Ezber edilmiş gülüşler, dudak bükmeler, burun çekmeler, ince tebessümler, sağlıklı gülüşlere eşlik eden inci dişler, çene çukuru, yanaktaki gamzeler, yüze serpilmiş dane dane benler... Hiçbiri yok artık.
Çünkü bu maskeden tek görebildiğimiz bir çift göz. Maskedeki gözler şimdi yukarıda saydığım ne varsa hepsini karşılamak, hepsini bir bakışa sığdırmak, hepsini anlamlı şekilde bakan diğer bir çift göze aksetmek zorundalar. Birkaç ezber edilmiş mimik hareketiyle ifadelerini yerli yersiz kendi inisiyatifinde yansıtan samimiyetsiz tavırların da çöp olduğunu söylemeliyim. Artık bir suratın tek bir odak noktası var, o da göz. Maskedeki göz. Hal böyle olunca gel de o bir çift gözle diğerlerinin yardımı olmadan oyun oyna. Olacak iş değil.

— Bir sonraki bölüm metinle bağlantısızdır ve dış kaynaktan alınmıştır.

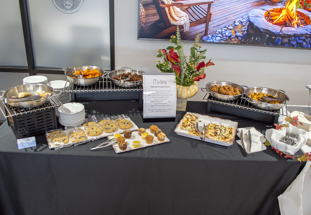 A vegetarian and vegan option table decorated for autumn with flowers and fall leaves. An assortment of different food items including chocolate chip cookies, mini muffins, tempura bites, and flatbread are on display ready for serving.

İnsanlar birbirlerini anlamak için boğuk seslerine eşlik eden gözlere bakıyorlar. O gözlere öyle bir iş düşüyor ki sormayın. Sevinç, üzüntü, sitem, yanılgı, yalan, riya, kin, sevgi, özlem, sarılma, dokunma, duyma… Aklınıza gelendiğer duygu aktarımlarının hepsini tek tek sıralayabiliriz. İşte bütün bunları gösterebileceğiniz ya da görebileceğiniz tek yer maskedeki gözler.

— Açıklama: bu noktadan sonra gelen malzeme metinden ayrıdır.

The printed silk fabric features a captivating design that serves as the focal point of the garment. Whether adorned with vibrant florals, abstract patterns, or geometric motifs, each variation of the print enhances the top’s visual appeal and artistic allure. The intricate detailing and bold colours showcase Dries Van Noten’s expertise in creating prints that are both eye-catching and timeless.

O gözlere iyi bakın, yalansız, riyasız nasıl da samimiler. Sizi sevmiyorlarsa da ortada, çok seviyorlarsa da. Kandırmaca yok. Size güveniyorlarsa da orta da, güvensiz bakıyorlarsa da. Dikkatinizi vereceğiniz, birbirinizi anlamak için iletişim kurabileceğiniz tek odak artık maskedeki göz.

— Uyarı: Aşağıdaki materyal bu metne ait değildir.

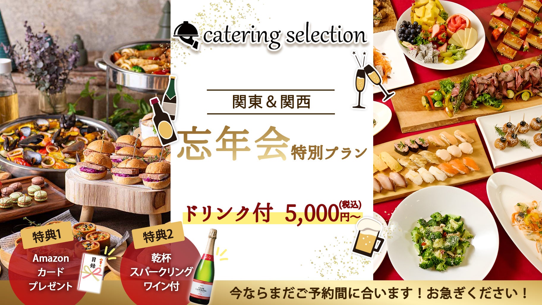 【忘年会が盛り上がる2大特典付!】ギフト券&乾杯泡ワインプレゼント!忘年会特別ケータリングプラン

Gözlerinize iyi bakın, onları sevin. Onların var olma sebebinin sadece dünyayı görmek değil, insanın özünü de dünyaya açmak olduğunu fark edin. Kalbin pencereleridir gözler. Ve o pencerelerdeki perdelerin kalktığını ve artık yüzün geri kalanını örttüğünü, dolayısıyla pencerelerinizinaçık olduğunu gözden kaçırmayın.
Sevgiden söz eden, merhametle dokunan, hiçlikle duyan gözler dilerim.
Unutmayın, bu ara bütün öz, maskedeki göz.